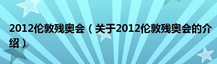 2012倫敦殘奧會(huì)(關(guān)于2012倫敦殘奧會(huì)的介紹)
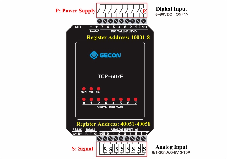 8AI + 8DI Industrial Controller For Modbus RTU TCP Ethernet Module TCP-507F Ethernet + RS485 + RS232
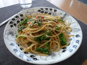 休日の昼食に、菜の花とトマトのパスタを食べました。
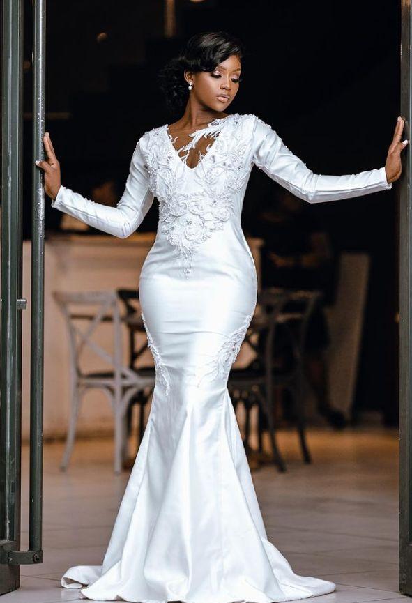 Ladies are really going for long gowns with side split, this looks nice because it makes them the “real owner of the day.” Appear bold and gorgeous and earn all the respect that you desire for your day. For a more gorgeous look, you can attach a side veil to your long gown style.
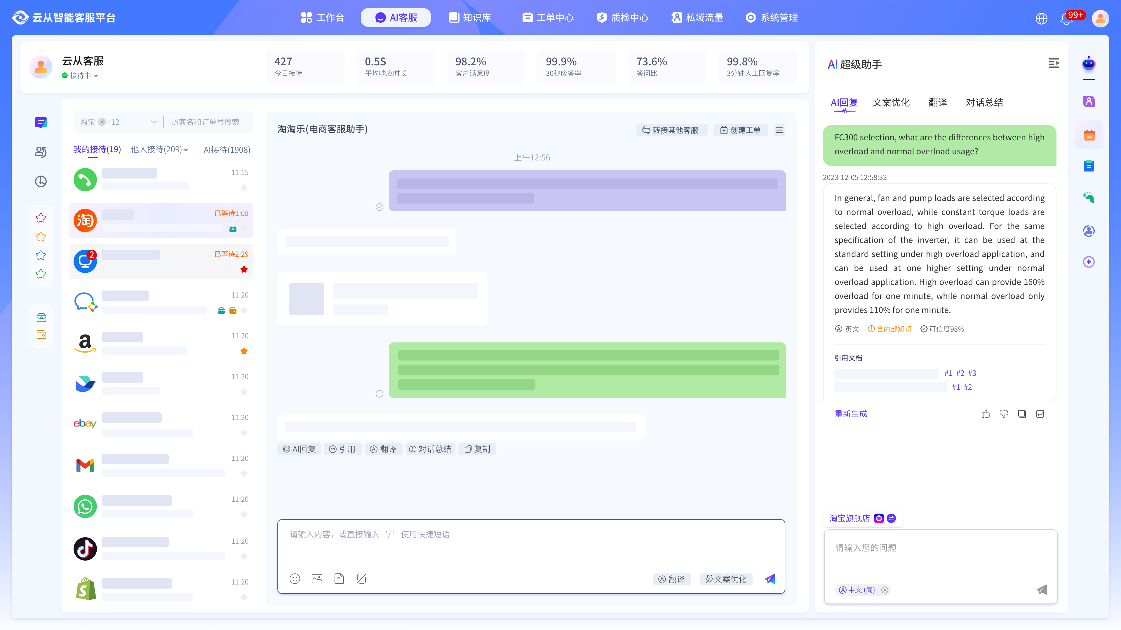 同时,平台面向客户的意图/情绪识别、AI自动回复与多语种交互,面向客服人员的话术推荐与个性化智能教练等领域,集成了知识库快速构建、全渠道接入(邮件,聊天,电话,独立站,APP,社媒,直播,电商平台)、全场景赋能等核心能力,能够24小时无间断提供客户服务。
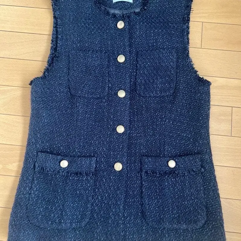자동 번역되었어요. 원문보기네이비 트위드풍 슬리브리스 베스트, 버튼과 포켓이 있습니다.
· · ·
▶ _The problem_
Give back the full listing exactly as written, only without its pictures.

▶ _Finished task_
 2012倫敦殘奧會(huì)(關(guān)于2012倫敦殘奧會(huì)的介紹)
 8AI + 8DI Industrial Controller For Modbus RTU TCP Ethernet Module TCP-507F Ethernet + RS485 + RS232
 休日の昼食に、菜の花とトマトのパスタを食べました。
 Ladies are really going for long gowns with side split, this looks nice because it makes them the “real owner of the day.” Appear bold and gorgeous and earn all the respect that you desire for your day. For a more gorgeous look, you can attach a side veil to your long gown style.
 同时,平台面向客户的意图/情绪识别、AI自动回复与多语种交互,面向客服人员的话术推荐与个性化智能教练等领域,集成了知识库快速构建、全渠道接入(邮件,聊天,电话,独立站,APP,社媒,直播,电商平台)、全场景赋能等核心能力,能够24小时无间断提供客户服务。
자동 번역되었어요. 원문보기네이비 트위드풍 슬리브리스 베스트, 버튼과 포켓이 있습니다.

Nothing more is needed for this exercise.